Now the situation has reversed to the extent that the landlords of Ireland are having to look at ways to protect themselves against what they describe in a press release as "ever increasing tenants' rights". And who is allowing these power-mad tenants run amok? The Private Residential Tenancies Board (PRTB) which is currently wading through the 70,000 registrations of tenancies they have received.
With tenants being so transient these days, by the time the registrations are processed, in many cases the tenants have moved on and the landlord has to go about registering the new ones. The Irish Property Owners Association (IPOA) says it is considering mounting a legal challenge against what it calls the "unworkable bureaucracy" of the PRTB, which it contends has had to return around 20 per cent of registration forms which were incomplete - mostly due to tenants giving either an incorrect or no PPS numbers.

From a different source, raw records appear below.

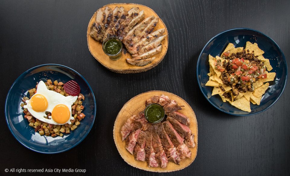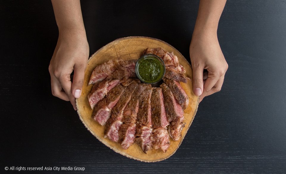 เนื้อถูกสไลด์เป็นชิ้นพอดีคำ กินเปล่า ๆ จะสัมผัสได้ถึงความชุ่มน้ำ juicy สุดมันปาก แต่ถ้าจิ้มซอส Chimichurri (ชิมิชูรี) สีเชียว ๆ จากโหระพา ใบมินท์ ผักชี ผักชีฝรั่ง ก็จะได้รสชาติอีกขั้วเลย
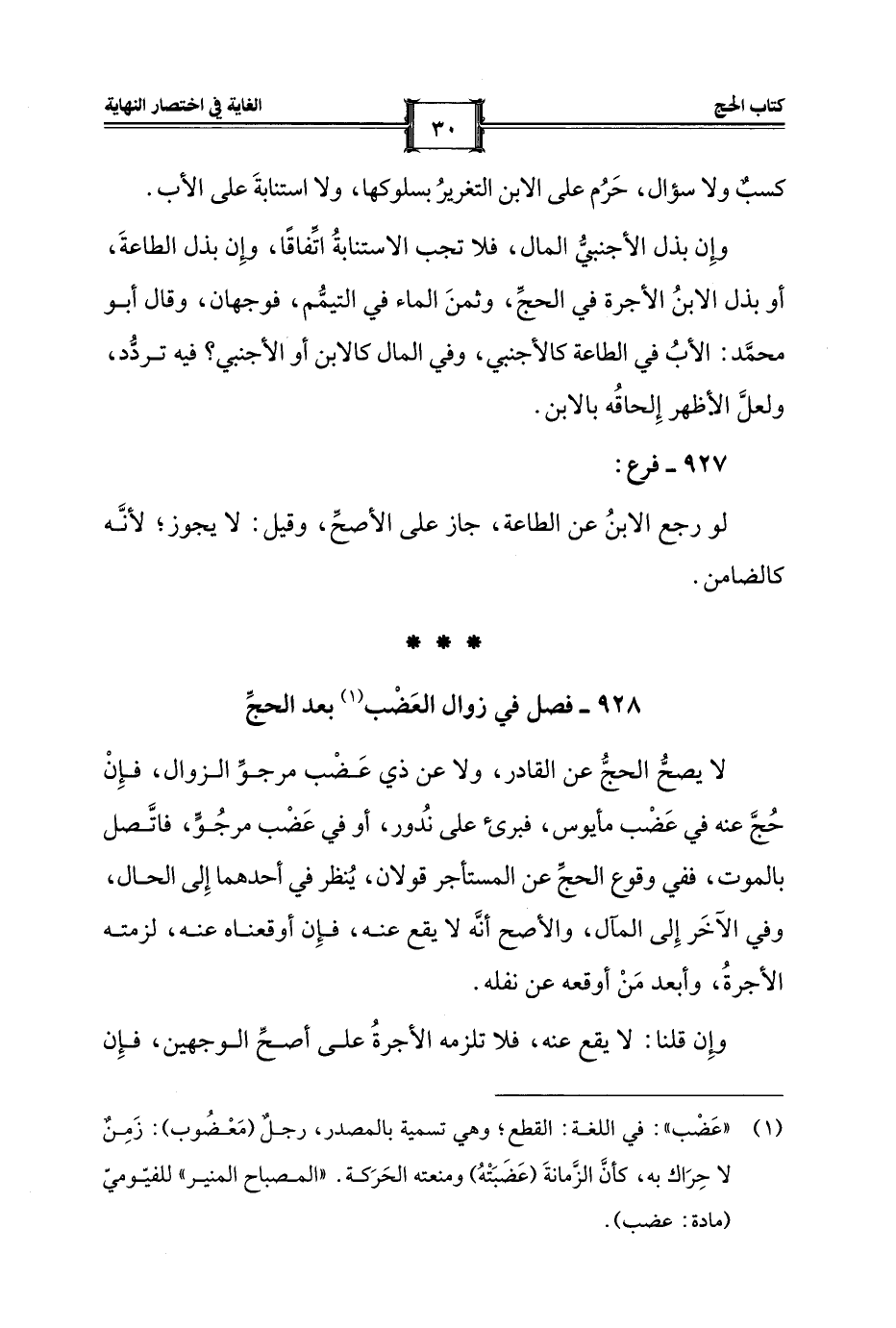 928 - فصل في زوال العَضْب (¬1) بعد الحجِّ
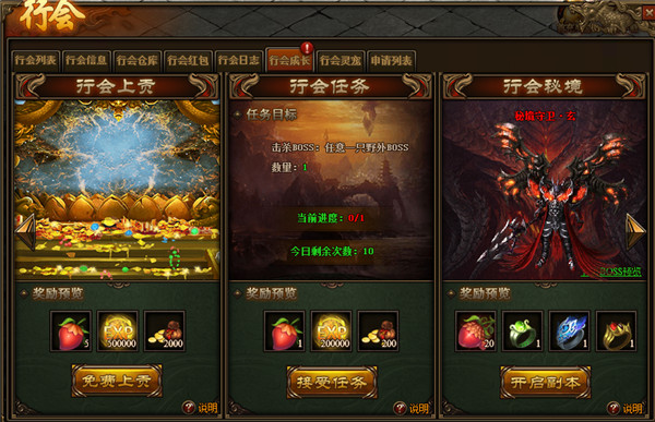玩家每天可完成10次行会任务,任务次数每天零点刷新
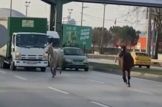 Başıboş atlar muhtemel bir kazaya sebep vermeden gözden kayboldu.

The eight-month delay in dealing with registrations has not only left IPOA members "in severe difficulty" with frequently changing tenants but with non-payment of rents and anti-social behaviour. "The property owner cannot get any redress regardless of his most diligent efforts to comply with the legislation," says the release. It's about time legislators listened "to the people who supply private rented accommodation and implement a workable system as was recommended by the Commission of the Private Rented Sector".
With an increased supply of rental accommodation on the market since the Government re-introduced mortgage interest relief, young professionals are in a position to be choosy about where they live. The "power" they have acquired is effectively bargaining clout. Landlords can no longer call the shots if they want to hold on to a tenant. They have to continually upgrade their property and keep rents at a reasonable level.
IPOA spokesman Fintan McNamara is quick to point out it's not that landlords want to deprive tenants of their rights, but that "some tenants are abusing their increased rights", leaving landlords as "sitting ducks".
He says that even if the board arbitrates a dispute between a landlord and a tenant who isn't paying rent, that tenant could "manufacture" reasons why the rent was withheld so the board will find in their favour.
Landlords should not have to register tenants so frequently, he believes, and Ireland should follow the UK example where it is proposed to register once every every five years for a flat fee of £150.
Members are having to resort to "alternative agreement structures", says McNamara, "so they have some protection against tenants rights". By "alternative agreement structures" he is referring to short term licencing agreements where the tenant does not have exclusive occupancy of the property or business lettings where a tenant works from home and is arguably exempt from registration.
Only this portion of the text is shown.